Martes 5 de agosto de 2014, 8:00 a.m.: Lectura del libro de los Salmos, lo hago desde el hebreo, lentamente, rítmicamente. Leo las grafías hebraicas con placer, son como niños recién levantados por la mañana, un poco desarrapadas y tímidas que caminan tambaleantes
Leo desde el hebreo para recordarme a mí mismo cuán apasionante es esa lengua, para recordarme que mi corazón ha sabido construir el único muro justo y justificable del mundo: el muro que divide y discierne entre la maldad del fanatismo de unos pocos y la fascinante belleza de la fe buena y sencilla de muchos. Ese muro que se eleva rectilíneo (no es curvo ni sinuoso) y que sabe separar sin asomo de duda entre una bomba, un tanque y un mortero, y el shemá, un talit y un kippa. Alto y riguroso muro, como un cortapisas, que pone freno a las vagas generalizaciones, ese muro que demuestra que no todos quieren lanzar bombas, ni todos desean la muerte del otro, que nos demuestra que no todos son terroristas ni todos tienen sed de venganza.
Tomo un sorbo de café estilo árabe, que es el mejor. Observo la pequeña alfombra para salat que conservo. Y vuelvo a admirar a tantos millones de personas que se arrodillan cinco veces al día para orar con la frente en el suelo, símbolo de humilde entrega.

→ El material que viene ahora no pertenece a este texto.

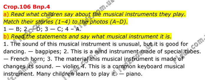 a) Read what children say about the musical instruments they play. Match their stories (1–4) to the photos (A–D). 1 — B; 2 — D; 3 — C; 4 – A. b) Read the statements and say what musical instrument it is. 1. The sound of this musical instrument is unusual, but it is good for dancing. — bagpipes; 2. This is a wind instrument made of special tubes. — French horn; 3. The material this musical instrument is made of changes its sound. — violin; 4. This is a common keyboard musical instrument. Many children learn to play it. — piano.
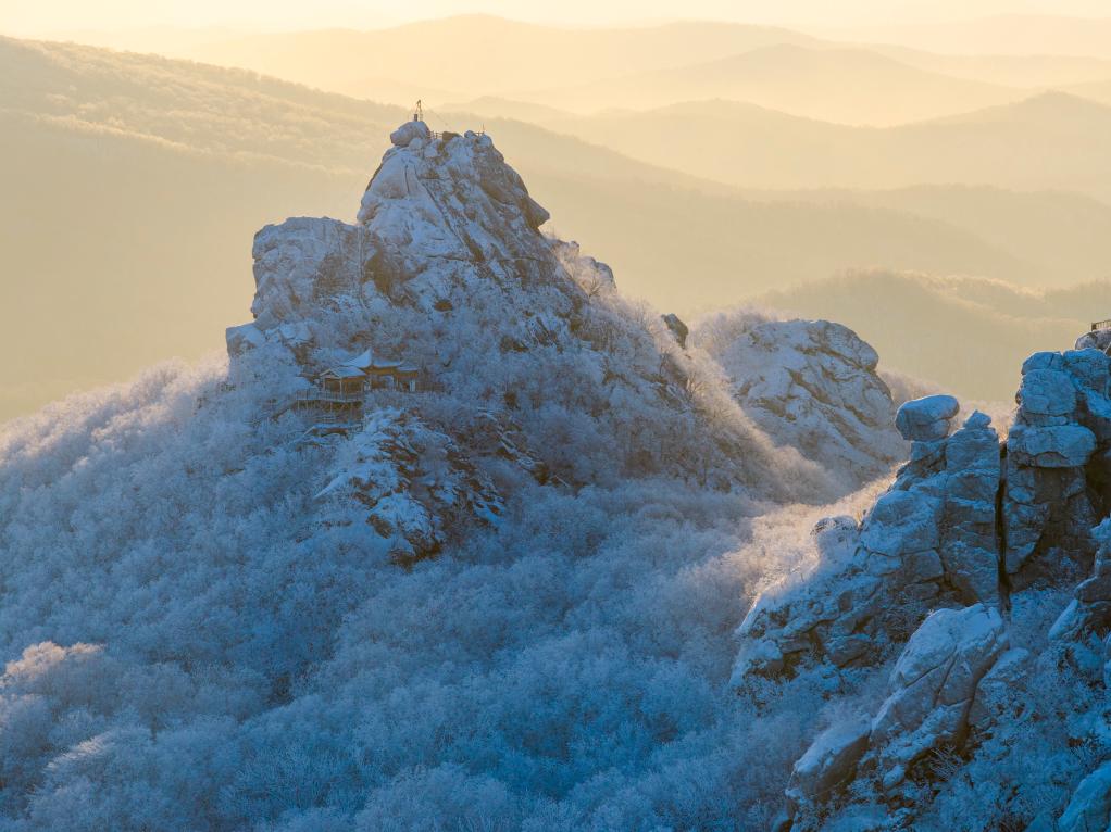 SHUANGYASHAN, 25. Januar 2026 (Xinhuanet) -- Das am 25. Januar 2026 aufgenommene Luftbild einer Drohne zeigt die Raureiflandschaft des Qixingshan-Waldparks in Shuangyashan in der nordostchinesischen Provinz Heilongjiang. (Foto von Han Yang/Xinhua)

Es entonces cuando me doy cuenta que las bombas y los odios ajenos no han menguado mi amor y respeto por ellos, por nadie. Que me emociona igual el niño judío que corre hacia su padre, brazos extendidos y diciendo “abba, abba”, o gira su cara y llama a su madre “imma, imma”, o la pequeña niña palestina que sonríe con su cabeza delicadamente cubierta y que salta de alegría al ver llegar a su “baba, baba” y a su “ummi, ummi”. Y se me escapa una sonrisa al volver a constatar la hermandad de esas palabras, su sonora familiaridad, su semítica genética indisoluble, inseparable, eternamente compartida y que los emparenta, aunque a veces sus padres no lo quieran. Son familia.
Martes 5 de agosto de 2014, 8:30 a.m.: Leo las noticias. Se retiran las tropas israelíes de Gaza, nadie gana, nadie pierde. Todos pierden, nadie gana. Pero sonrío ante el atisbo de una nueva oportunidad. Entonces recorro, como tantas veces, las páginas de Amos Oz, como quien regresa a una ciudad donde ha vivido experiencias inolvidables. Transcribo:
“Los palestinos están en Palestina porque ésta es la patria, la única patria de los palestinos. Los judíos israelíes están en Israel porque no hay otro país en el mundo al que, como pueblo, como nación, puedan llamar hogar.
Los palestinos han intentado, a regañadientes, vivir en otros países. Fueron rechazados, a veces incluso humillados y perseguidos. Se les hizo tomar conciencia de su “palestinidad”; no fueron aceptados como libaneses, ni como sirios, ni como egipcios, ni como iraquíes. Tuvieron que aprender con dureza que son palestinos y que Palestina es el único país al que pueden aferrarse.
Curiosamente, los judíos han tenido una experiencia histórica un tanto paralela. Fueron expulsados a patadas de Europa […] Los palestinos quieren la tierra que llaman Palestina. Tienen razones muy poderosas para quererla. Los judíos israelíes quieren exactamente la misma tierra por exactamente las mismas razones.
Se requiere llegar a un acuerdo, a un compromiso doloroso. Y la expresión “llegar a un acuerdo” tiene una reputación nefasta en la sociedad europea. Especialmente entre los jóvenes idealistas, que siguen considerando que llegar a un acuerdo es falta de coraje. No en mi vocabulario. Para mí, la expresión “llegar a un acuerdo” significa vida. Y lo contrario de llegar a un acuerdo no es idealismo ni devoción. Lo contrario es fanatismo y muerte.
Se requiere llegar a un acuerdo, a un compromiso, no llegar a una capitulación. Lo que significa que los palestinos jamás deberán arrodillarse. Ni tampoco los judíos.” (Amós Oz, Contra el Fanatismo, Editorial Siruela).